Three elongated heads sat atop his neck and six arms sprouted from the sides of his torso in uneven pairs, each gripping a different primitive weapon.
Even standing at such a distance, I could feel the gravity of his presence pressing down on my shoulders, heavier than any burden someone of my level was ever meant to bear.
I felt everyone around me flinching in horror, their spirits buckling under that same divine — or unholy — pressure.
“O-Oh gods!” Ray gasped, his eyes wide and his mouth agape. “That’s the same creature that has been ambushing us all this time!”
Yeah.
Now that I had taken his Divine Mask off, our mental fog had cleared.
We could finally remember him without effort… remember the times he had snuck up to strike us in the dead of night when our guards were lowered, wearing us down bit by bit like a predator playing with its food.
And, for the record, he did not seem to like the fact that I had taken his mask off.
How could I tell?
Well, it was just a hunch at first.
But by the time all three of his mouths — two of which were previously moving in unison to continually chant something in a guttural, alien tongue while the center one was chewing on a thin, ethereal white thread — opened and let out a shrill cry that reverberated like a chalk dragging on a rough blackboard… I knew I wasn’t imagining it.
He really was pissed.
The sound wasn’t necessarily loud, but it hurt to listen.
It felt like fine knives being rubbed against the insides of my ears, rattling my nerves and sending tremors through my body.
It felt like my arms and legs were being stabbed by pins and needles.
It felt like my mind had been tossed into a running industrial juicer.
…It felt like hell.
And it wasn’t just affecting us.

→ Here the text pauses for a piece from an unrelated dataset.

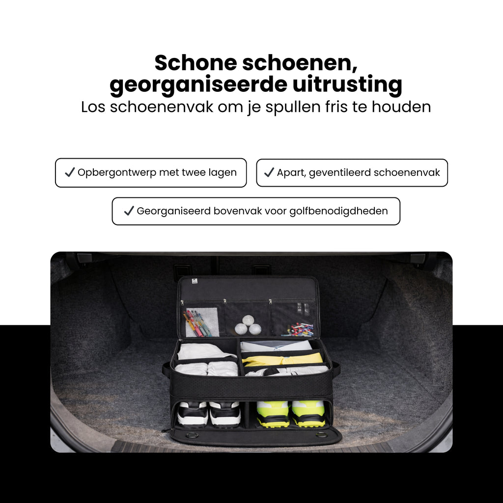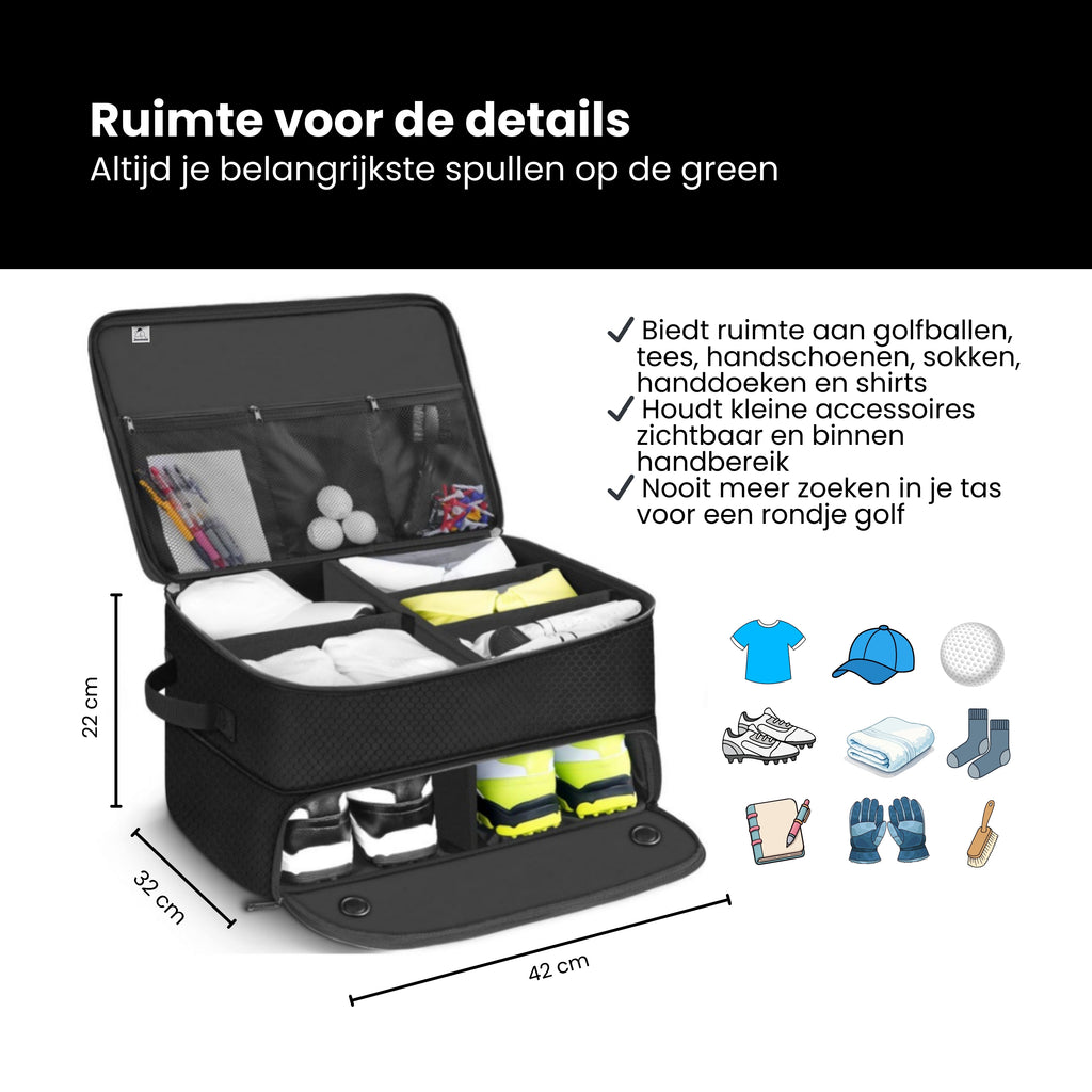 Veel golfers herkennen het probleem: handschoenen liggen los in de auto, tees verdwijnen in vakjes, golfballen rollen rond en schoenen zitten apart in een tas die je weer moet zoeken. Het resultaat? Stress vóór je ronde en een rommelige start van je spel. Bovendien raken accessoires sneller beschadigd of kwijt wanneer alles los wordt vervoerd.

Dust and loose stones trembled also along the canyon floor, dancing to the frequency of the scream.
Even the distant trees on the ledges swayed without a breeze, their branches shivering as if they were trying to uproot themselves and run away.
Mercifully, the sound soon stopped as the God brought one of his many arms up and pulled the gnawed end of that glimmering thread from his center mouth.
He then began to wrap the torn strands around his joined fingers like a set of puppet strings.
As for who was his puppet?
We followed the ethereal thread as it stretched downward, glowing like moonlit silk against the darkened sky… leading directly to a black-haired boy slouched limply against the cliff wall to our far right.
The thread did not simply connect to the boy. It pierced his chest, sinking deep through his flesh and undoubtedly attaching itself to his very soul.